Jack is presently conducting research on trans people’s use of Tumblr as a site of cultural production, and a hub for co-produced medical and health knowledge. He is Managing Editor of ACME: International Journal of Critical Geography, the only fully open access journal in geography. He is also a board member of the Rainbow Heritage Network. Jack has held fellowships with the Alexander von Humboldt Foundation as German Chancellor Fellow; The Center for Place, Culture, and Politics; The Center for Lesbian and Gay Studies; and the Woodrow Wilson Women’s Studies Dissertation Fellows Program. They can be found on Twitter at @jgieseking or via his website jgieseking.org.
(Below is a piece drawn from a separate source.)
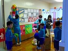 雨降りの今日は、マラソンはできません。そんなときは、全員で大なわとびです。6人にへってしまって運動量はばっちり(?)楽しく真剣に跳んでいました。(引っかかると腕立て伏せ5回が待っています。でも子どもたちは笑顔で簡単に腕立てをこなしていました。)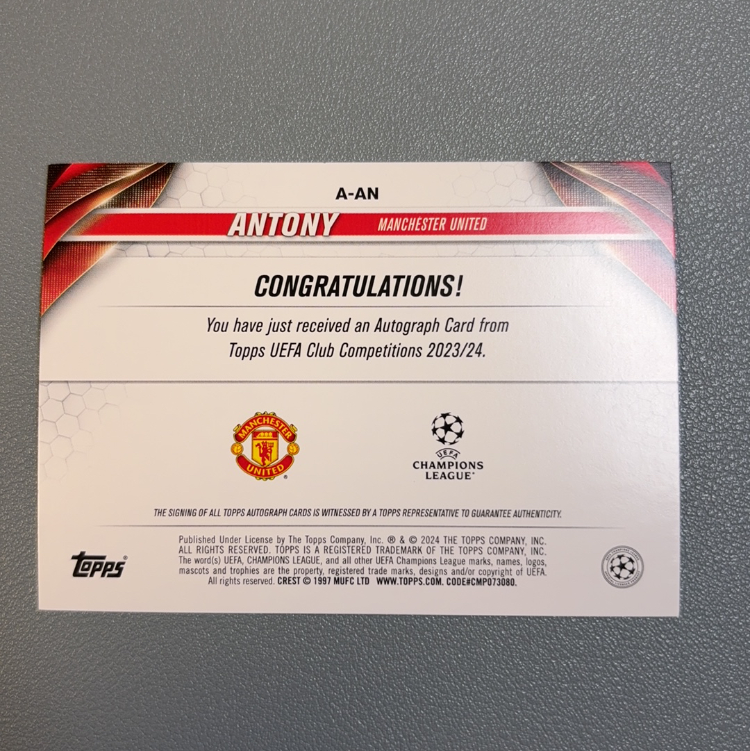 【风速狗】2023-24 topps 龙年碧玉 碧玉折射 曼联 ANTONY 安东尼 签字 签名 完美签 陈哥

Justin D. Williams is a steward of culture and memory and a facilitator of multimedia projects that study personal and communal narratives in order to preserve and elevate their importance in our society. His broad background in arts and culture spans media technology, public programming, documentary production, audio visual archives, and community-based, participatory designed projects. Currently, he is the Project Archivist & Manager of the South Side Home Movie Project (SSHMP). Prior to joining SSHMP, Justin has also worked for award winning companies Kartemquin Films, StoryCorps, City Bureau, and partnered with dozens of organizations to design and produce digital storytelling projects.
Claremont Graduate University occupies unceded Indigenous land. The Cultural Studies Department acknowledges the Gabrieleno/Tongva peoples as the ancestral caretakers of this land (Torojoatngna), and we pay our respects to Honuukvetam (ancestors), ‘Ahiihirom (elders), and ‘Eyoohiinkem (our relatives/relations) past, present, and emerging.